The following graphic depicts the graph where all of these additional hashes are present, marked in blue.

As a consequence, there are two possible certificates for all non-power-of-two'th messages: The one described above that bridges across different merkle trees, and a more compact one that can only be computed once the feed length has advanced to the next power of two. A simple solution is to always use the one that can immediately be computed. But these two don't conflict, so the actual implementation can use the more efficient one whenever possible. Servers just need to be aware that even if they know that the efficient one can be computed, their peer's view of the feed might be outdated, forcing the peer to send the inefficient certificate instead.

Before I move on to the actual implementations, a quick note on correctness. I won't do a full prove here, that would need a bunch of definitions first. But a basic proof sketch is based around three properties of certificates:

  1. A certificate must somehow depend on all previously published messages. In the graph, that means that there must be a directed path from each message to one of the nodes in the certificate
  2. A certificate must be self-consistent (unlike the naive attempt in the length-7 feed above). In the graph, that means that there must be a directed path from the certified message to each node in the certificate.
  3. It must be possible to check that any two certificates do not contradict each other. In the graph, that means that after taking the union of the two certificates, each vertex from the certificate for the earlier message must be reachable from a vertex from the other certificate.

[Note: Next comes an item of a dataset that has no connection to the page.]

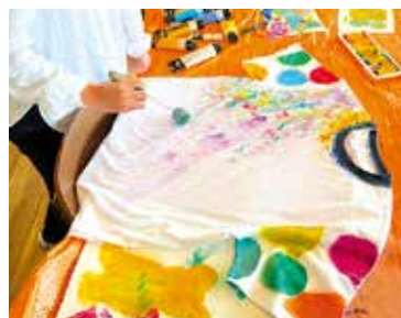
就労継続支援B型 ミナトマチファクトリー

You can then go on and show that the scheme I presented fulfills these criteria. My intuition tells me that there's also a proof of optimality somewhere in there. But the more difficult part is actually showing that these criteria are exactly what we need to give ssb's security guarantees. Formal proofs in that domain are outside my current knowledge level though.

Implementation in SSB

This is a very direct translation of the above tree construction scheme into ssb. It omits some obvious optimizations, these are discussed later.

To the regular metadata of the message msg_s with sequence number s, append the following (in order, before signing)

  • hash(msg_s) as field "hash0"
  • hash(msg_(s - 1).hash0 | msg_s.hash0) (called "hash1") iff s == (l * 2^1) - 1 for some l
  • hash(msg_(s - 2).hash1 | msg_s.hash1) (called "hash2") iff s == (l * 2^2) - 1 for some l
  • ...
  • hash(msg_(s - 2^(k - 1)).hash<k - 1> | msg_s.hash<k - 1>) (called "hash<k>") iff s == (l * 2^k) - 1 for some l
  • If s is one less then a power of two, we are done. Else we need to add the additional hash that allows bridging between disparate merkle trees:
    • add hash(msg_(s - 2^(k - 1)).hash<k> | msg_s.hash<k - 1>) (called "bridge")

This may look intimidating, but it does nothing more than constructing the trees described above. Also a note on addressing: I used these names "hash42" to indicate the level of the tree, which is nice for humans. But for machines, there are relatively simple numbering schemes that provide bijections between natural numbers and those inner tree nodes (stealing from the dat whitepaper again). So addressing those is actually very efficient, both in terms of in-memory access time, and address size when sending stuff over the network.